Because of the high stability of RG4 structures in vitro and the high concentration of K+ in cells (typically >100 mM, well above that required for quadruplex formation), regions that fold into RG4 structures in vitro are generally assumed to fold into these structures in cells. Indeed, RG4s are implicated in control of mRNA processing and translation, with recently proposed roles in human diseases, such as cancer (12) and neurodegeneration (13). Supporting the idea that RG4s are folded in cells, immunostaining with G4-specific antibodies yields a detectable, albeit weak, ribonuclease-sensitive signal in the cytoplasm (14). However, these immunostaining results leave open the possibility of folding during the processes of fixing, permeabilizing, or staining cells, and even if this signal represented quadruplex formation in cells, it could not provide information regarding either the sequence identities or the overall fraction of RG4 regions that fold in vivo.
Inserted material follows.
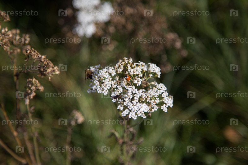 Цветущий тысячелистник обыкновенный. На цветах есть божья коровка, пчела и муха
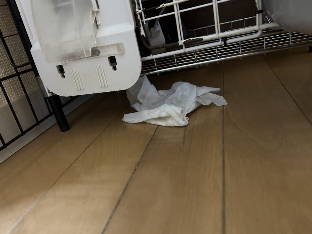 まぁ、色々バッサバッサしたので、再度水入れを拭きます。

Many RNAs with quadruplex-forming capacity

To systematically search for structure-forming potential in mammalian cellular RNAs, we exploited the ability of stable structures to stall reverse trancription. Polyadenylate [poly(A)]–selected mRNAs from mouse embryonic stem cells (mESCs) were randomly fragmented, and 60- to 80-nucleotide (nt) fragments were ligated to a common 3′ adapter used for global primer extension. Complementary DNAs (cDNAs) resulting from reverse transcription (RT) that stalled after only 20 to 45 nt of extension were purified and sequenced to identify the RT stops (Fig. 1B), by means of a procedure resembling that developed for DMS-seq (7). As illustrated for the Eef2 (Eukaryotic elongation factor 2) mRNA and the Malat1 (Metastasis-associated lung-adenocarcinoma transcript 1) noncoding RNA, most of the strong RT stops (65%) were at G nucleotides (Fig. 1, C and D, and fig. S1; P < 10−15, χ2 test). Analysis of the flanking sequences of these strong RT stops at G nucleotides showed that the 30 nucleotides upstream of the RT stops were also enriched in G (and depleted in C), particularly at positions –1 and –2 (92 and 66% G, respectively; Fig. 1E). In contrast, no enrichment was detected downstream, except for weak G enrichment at position +1 (38% G; Fig. 1E).

The upstream G enrichment, together with recent studies of individual transcripts (15), suggested that formation of intramolecular RG4 structures caused these strong RT stops. To test this possibility, we examined whether these RT stops were sensitive to the identity of the monovalent counterion and found that substituting K+ in the RT reaction with either Na+ or Li+ greatly diminished the RT stops at G residues (Fig. 2, A and B, and fig. S2A). Another diagnostic feature of RG4s is their sensitivity to modification of the N7 position of G (Fig. 1A). Methylating this position by using DMS (16) under denaturing conditions (95°C, 0 mM K+) also substantially diminished the RT stops at G residues, despite the presence of K+ during RT (Fig. 2, A and B, and fig. S2B). Most strong RT stops that were K+-dependent were also DMS-sensitive (Fig. 2C and table S1; P < 10−15, χ2 test), and vice versa. Moreover, 6140 (90%) of the 6812 RT stops that exhibited factor of ≥2 decrease in Na+/Li+ reactions and factor of ≥2 decrease after 95°C DMS treatment were at G nucleotides (fig. S2C and table S1). In contrast, the 2120 DMS-sensitive but K+-independent RT stops did not exhibit strong nucleotide enrichment at position 0 (fig. S2C), as would be expected for RT stops caused by other types of stable structures. Analysis of the remaining 672 RT stops that were K+-dependent and DMS-sensitive but not at G nucleotides showed that their upstream sequences were also somewhat enriched in G (fig. S2D), suggesting that at least some of these RT stops also involved RG4 structures that caused RT to stall before reaching the 3′-terminal G nucleotides. Collectively, these results indicated that most G-rich regions that caused strong RT stops did so by forming RG4 structures in vitro.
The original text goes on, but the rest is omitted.